● Records for the task:
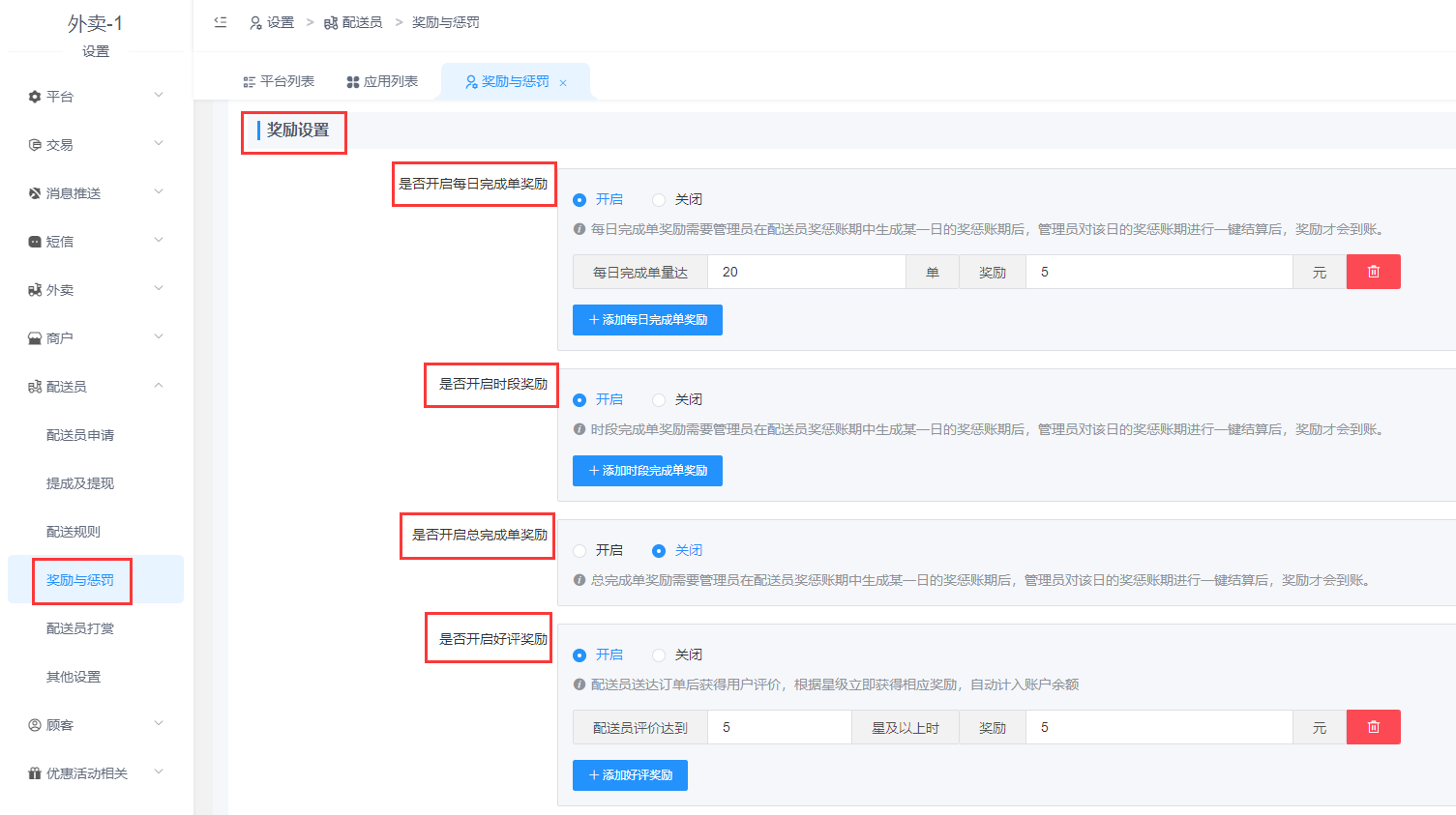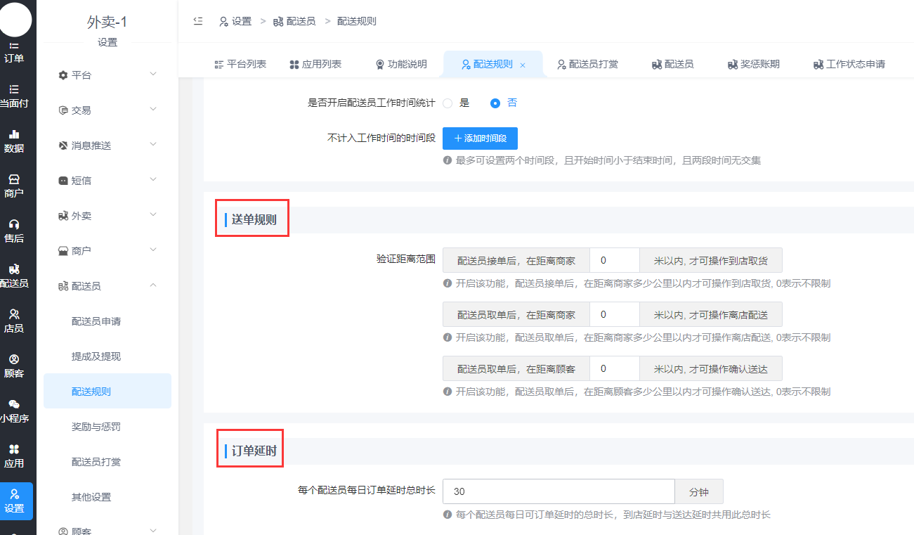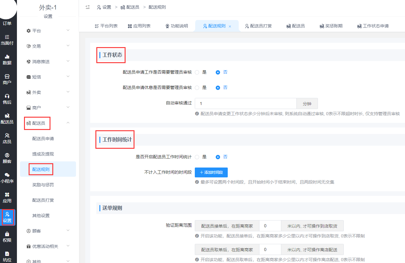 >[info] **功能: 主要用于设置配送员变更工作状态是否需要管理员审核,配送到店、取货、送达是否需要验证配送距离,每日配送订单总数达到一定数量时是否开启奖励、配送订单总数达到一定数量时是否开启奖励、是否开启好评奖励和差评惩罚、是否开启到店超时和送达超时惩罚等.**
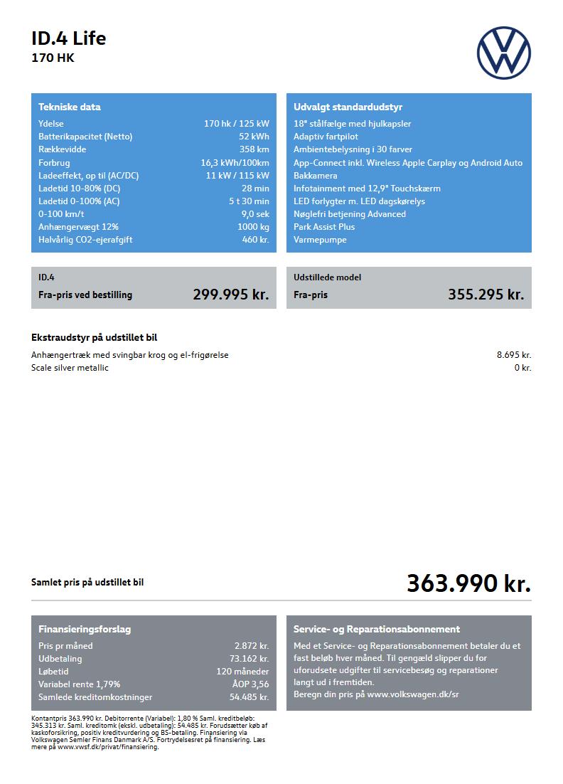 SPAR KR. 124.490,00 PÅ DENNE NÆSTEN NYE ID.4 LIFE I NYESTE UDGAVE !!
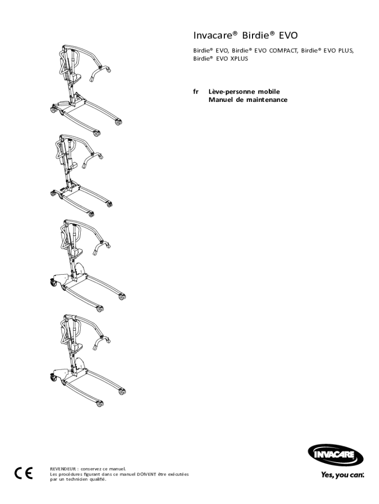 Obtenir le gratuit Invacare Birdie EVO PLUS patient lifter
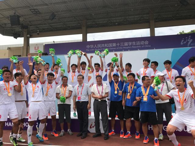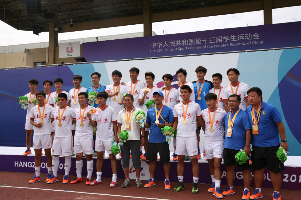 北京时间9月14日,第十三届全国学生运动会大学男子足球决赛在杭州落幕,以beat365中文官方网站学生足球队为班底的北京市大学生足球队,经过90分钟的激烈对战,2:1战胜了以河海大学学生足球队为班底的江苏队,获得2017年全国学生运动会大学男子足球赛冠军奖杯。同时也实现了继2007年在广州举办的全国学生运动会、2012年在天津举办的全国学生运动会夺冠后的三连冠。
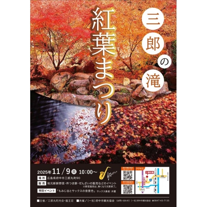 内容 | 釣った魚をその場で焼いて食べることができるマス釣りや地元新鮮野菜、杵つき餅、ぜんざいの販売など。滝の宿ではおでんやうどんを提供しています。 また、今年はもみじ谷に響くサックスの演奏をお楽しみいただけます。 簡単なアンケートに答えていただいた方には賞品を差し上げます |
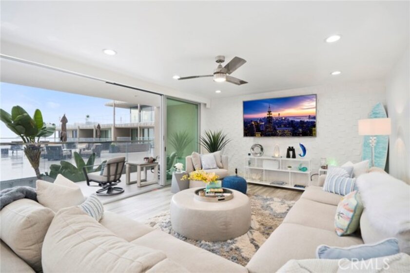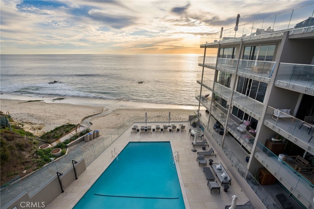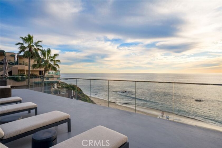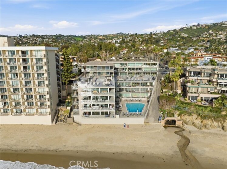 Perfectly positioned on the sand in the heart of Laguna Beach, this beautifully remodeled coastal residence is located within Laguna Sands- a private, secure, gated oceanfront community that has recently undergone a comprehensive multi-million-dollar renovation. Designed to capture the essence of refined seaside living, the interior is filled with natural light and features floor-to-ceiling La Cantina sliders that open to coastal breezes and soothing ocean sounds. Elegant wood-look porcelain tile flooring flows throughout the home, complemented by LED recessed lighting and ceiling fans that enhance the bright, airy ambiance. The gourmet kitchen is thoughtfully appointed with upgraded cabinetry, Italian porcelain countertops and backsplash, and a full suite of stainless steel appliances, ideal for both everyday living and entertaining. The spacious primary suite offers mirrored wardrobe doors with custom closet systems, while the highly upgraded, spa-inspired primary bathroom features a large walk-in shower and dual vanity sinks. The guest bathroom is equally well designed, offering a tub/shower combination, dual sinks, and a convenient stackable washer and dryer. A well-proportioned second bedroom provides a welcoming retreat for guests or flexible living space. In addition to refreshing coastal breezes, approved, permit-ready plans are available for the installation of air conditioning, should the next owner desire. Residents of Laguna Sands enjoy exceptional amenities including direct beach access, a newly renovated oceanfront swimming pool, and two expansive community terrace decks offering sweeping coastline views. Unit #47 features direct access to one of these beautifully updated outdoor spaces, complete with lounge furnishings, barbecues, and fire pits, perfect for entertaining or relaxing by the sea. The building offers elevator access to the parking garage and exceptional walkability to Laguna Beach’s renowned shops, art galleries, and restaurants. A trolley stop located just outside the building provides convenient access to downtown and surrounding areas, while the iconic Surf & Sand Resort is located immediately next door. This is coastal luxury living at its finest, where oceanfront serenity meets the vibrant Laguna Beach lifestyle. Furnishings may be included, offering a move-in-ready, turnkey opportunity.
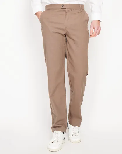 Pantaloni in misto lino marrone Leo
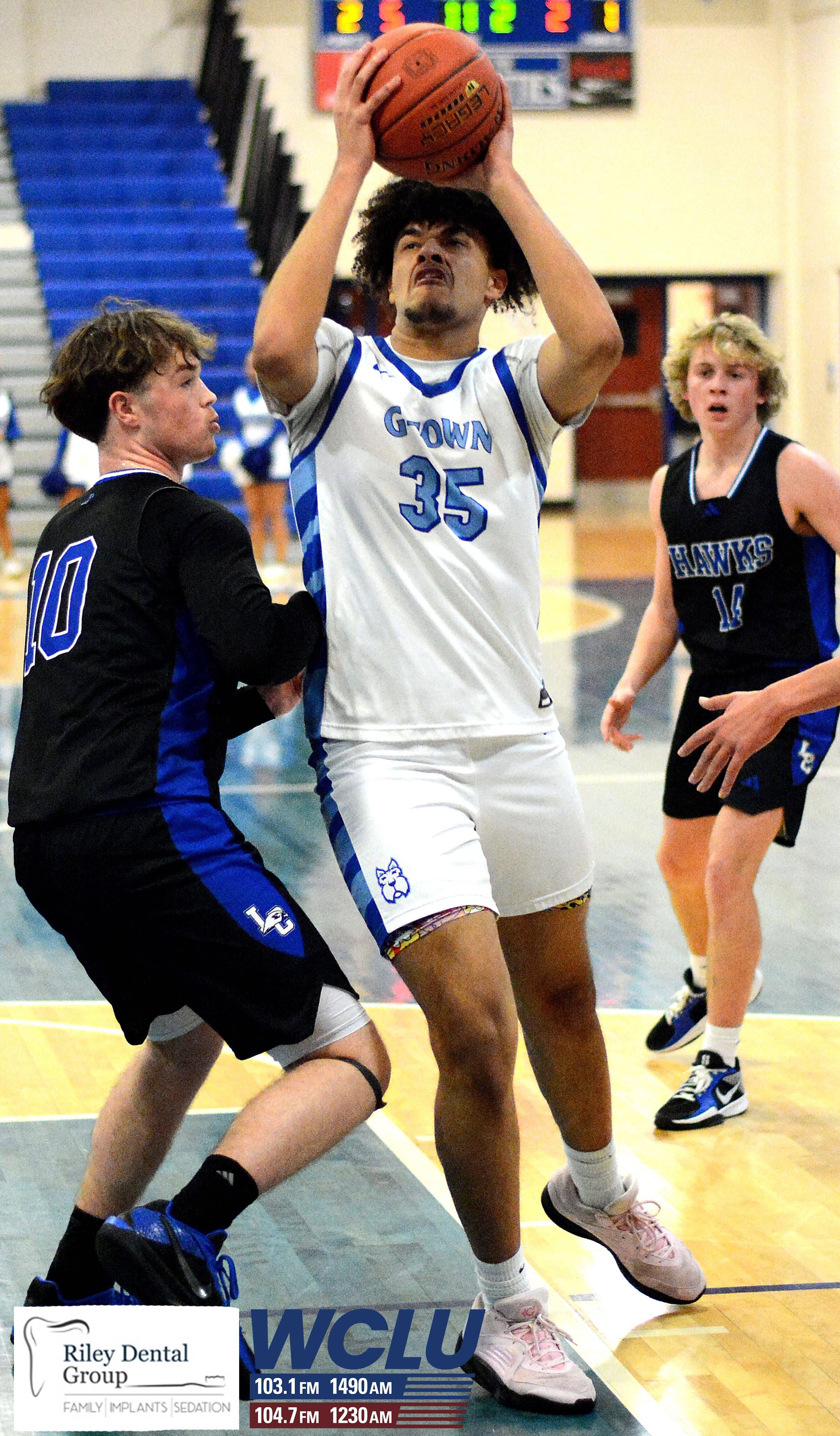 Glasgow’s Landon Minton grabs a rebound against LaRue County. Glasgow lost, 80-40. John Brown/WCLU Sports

● Exercise requirements:
Output the data above exactly, excluding images.

● Solution to the exercise:
 >[info] **功能: 主要用于设置配送员变更工作状态是否需要管理员审核,配送到店、取货、送达是否需要验证配送距离,每日配送订单总数达到一定数量时是否开启奖励、配送订单总数达到一定数量时是否开启奖励、是否开启好评奖励和差评惩罚、是否开启到店超时和送达超时惩罚等.**
 SPAR KR. 124.490,00 PÅ DENNE NÆSTEN NYE ID.4 LIFE I NYESTE UDGAVE !!
 Obtenir le gratuit Invacare Birdie EVO PLUS patient lifter
 北京时间9月14日,第十三届全国学生运动会大学男子足球决赛在杭州落幕,以beat365中文官方网站学生足球队为班底的北京市大学生足球队,经过90分钟的激烈对战,2:1战胜了以河海大学学生足球队为班底的江苏队,获得2017年全国学生运动会大学男子足球赛冠军奖杯。同时也实现了继2007年在广州举办的全国学生运动会、2012年在天津举办的全国学生运动会夺冠后的三连冠。
 内容 | 釣った魚をその場で焼いて食べることができるマス釣りや地元新鮮野菜、杵つき餅、ぜんざいの販売など。滝の宿ではおでんやうどんを提供しています。 また、今年はもみじ谷に響くサックスの演奏をお楽しみいただけます。 簡単なアンケートに答えていただいた方には賞品を差し上げます |
 Perfectly positioned on the sand in the heart of Laguna Beach, this beautifully remodeled coastal residence is located within Laguna Sands- a private, secure, gated oceanfront community that has recently undergone a comprehensive multi-million-dollar renovation. Designed to capture the essence of refined seaside living, the interior is filled with natural light and features floor-to-ceiling La Cantina sliders that open to coastal breezes and soothing ocean sounds. Elegant wood-look porcelain tile flooring flows throughout the home, complemented by LED recessed lighting and ceiling fans that enhance the bright, airy ambiance. The gourmet kitchen is thoughtfully appointed with upgraded cabinetry, Italian porcelain countertops and backsplash, and a full suite of stainless steel appliances, ideal for both everyday living and entertaining. The spacious primary suite offers mirrored wardrobe doors with custom closet systems, while the highly upgraded, spa-inspired primary bathroom features a large walk-in shower and dual vanity sinks. The guest bathroom is equally well designed, offering a tub/shower combination, dual sinks, and a convenient stackable washer and dryer. A well-proportioned second bedroom provides a welcoming retreat for guests or flexible living space. In addition to refreshing coastal breezes, approved, permit-ready plans are available for the installation of air conditioning, should the next owner desire. Residents of Laguna Sands enjoy exceptional amenities including direct beach access, a newly renovated oceanfront swimming pool, and two expansive community terrace decks offering sweeping coastline views. Unit #47 features direct access to one of these beautifully updated outdoor spaces, complete with lounge furnishings, barbecues, and fire pits, perfect for entertaining or relaxing by the sea. The building offers elevator access to the parking garage and exceptional walkability to Laguna Beach’s renowned shops, art galleries, and restaurants. A trolley stop located just outside the building provides convenient access to downtown and surrounding areas, while the iconic Surf & Sand Resort is located immediately next door. This is coastal luxury living at its finest, where oceanfront serenity meets the vibrant Laguna Beach lifestyle. Furnishings may be included, offering a move-in-ready, turnkey opportunity.
 Pantaloni in misto lino marrone Leo
 Glasgow’s Landon Minton grabs a rebound against LaRue County. Glasgow lost, 80-40. John Brown/WCLU Sports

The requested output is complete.